Now, due to numerous modifications and expansions over the years, more companies than ever before can benefit from this valuable incentive.
What is the R&D Tax Credit?
The Research and Development Tax Credit is a government-sponsored tax incentive that rewards companies for conducting R&D in the United States. The credit was implemented to incentivize innovation throughout the economy and to keep technical jobs here in the U.S.
However, what constitutes R&D with regard to the credit is much more expansive than business owners realize, with activities related to applied sciences and other technical projects qualifying companies from numerous industries.
The R&D Tax Credit is for businesses of all sizes, not just major corporations with research labs – and many companies are eligible, with an expansive list of activities qualifying for the credit.
What Qualifies for the R&D Tax Credit?
If your company does any of the following, your business likely qualifies for the R&D Tax Credit:
- Develops or designs new products or processes.
- Enhances existing products or processes.
- Develops or improves upon existing prototypes and software.
How do I claim the R&D Tax Credit?

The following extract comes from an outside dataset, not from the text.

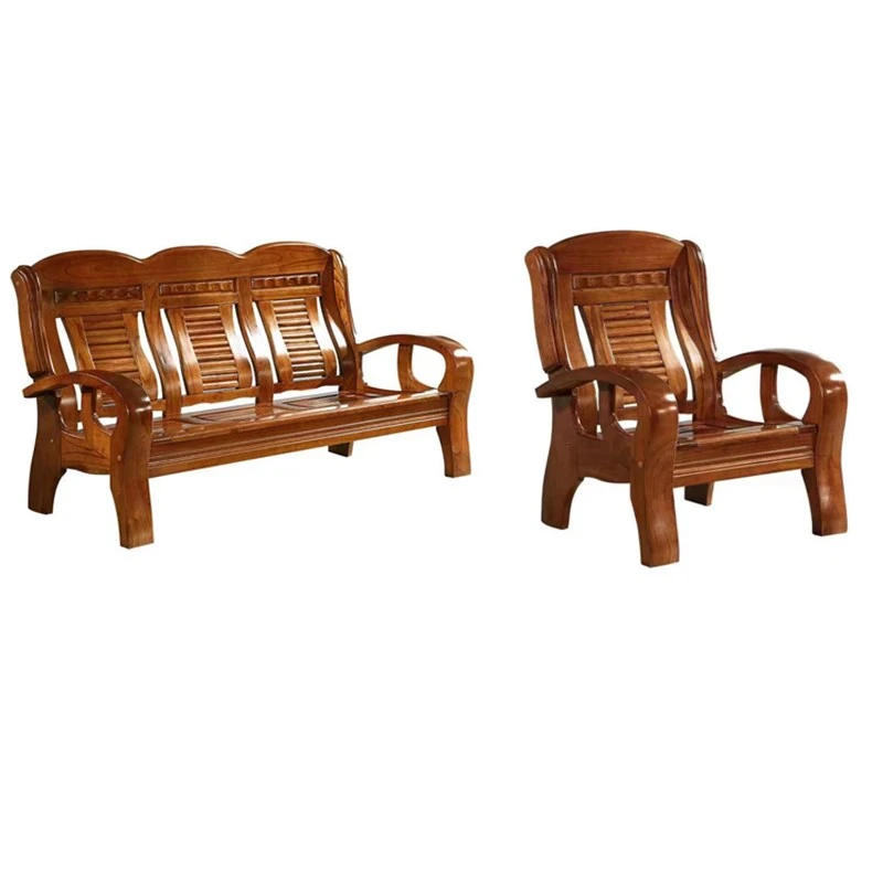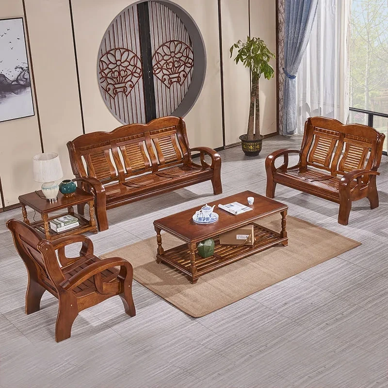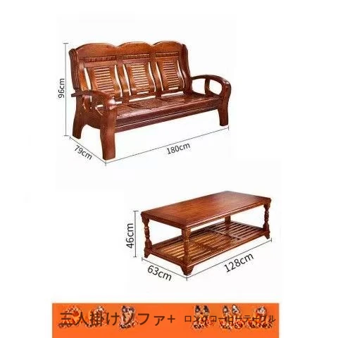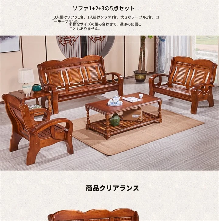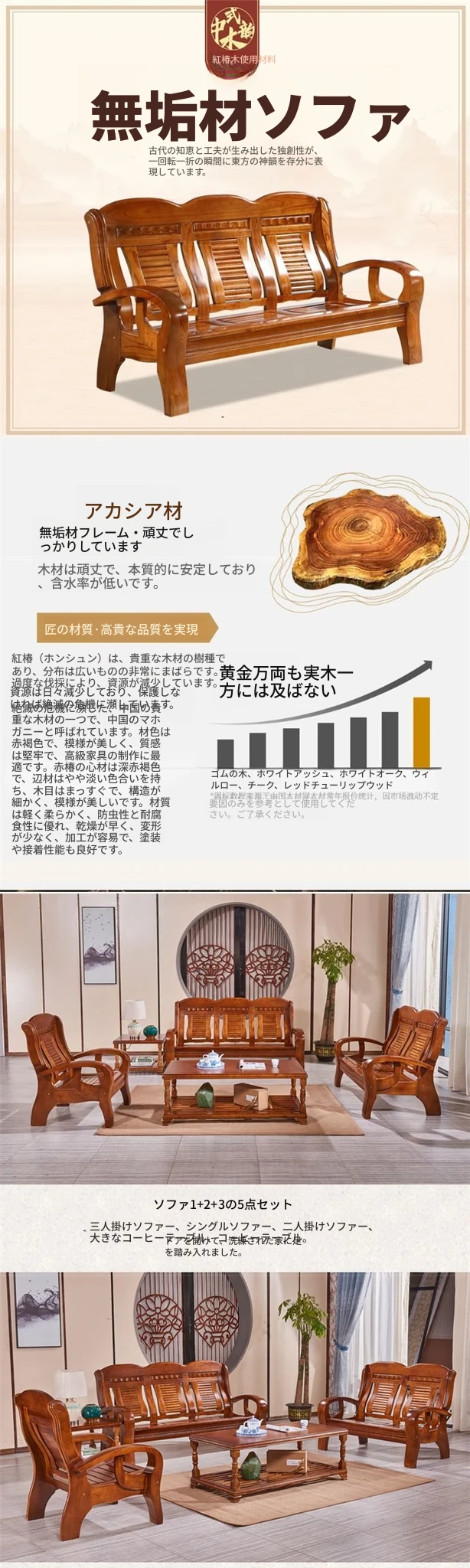 中華風シンプルな全木製ソファセット - 小型リビングに最適!一人用・三人用の組み合わせも可能な長椅子型オフィスチェア。おしゃれで快適な空間を演出します!

A number of factors go into claiming the credit, but the potential savings on the table make exploring the credit a worthy investment.
- Since the credit may be claimed for both current and prior tax years, companies can benefit from documenting their R&D activities to ensure they are positioned to claim the credit in both situations.
- To claim the credit, the taxpayer must contemporaneously evaluate and document their research activities to establish the amount of qualified research expenses paid for each qualified research activity. While taxpayers may estimate some research expenses, they must have a factual basis for the assumptions used to create the estimates.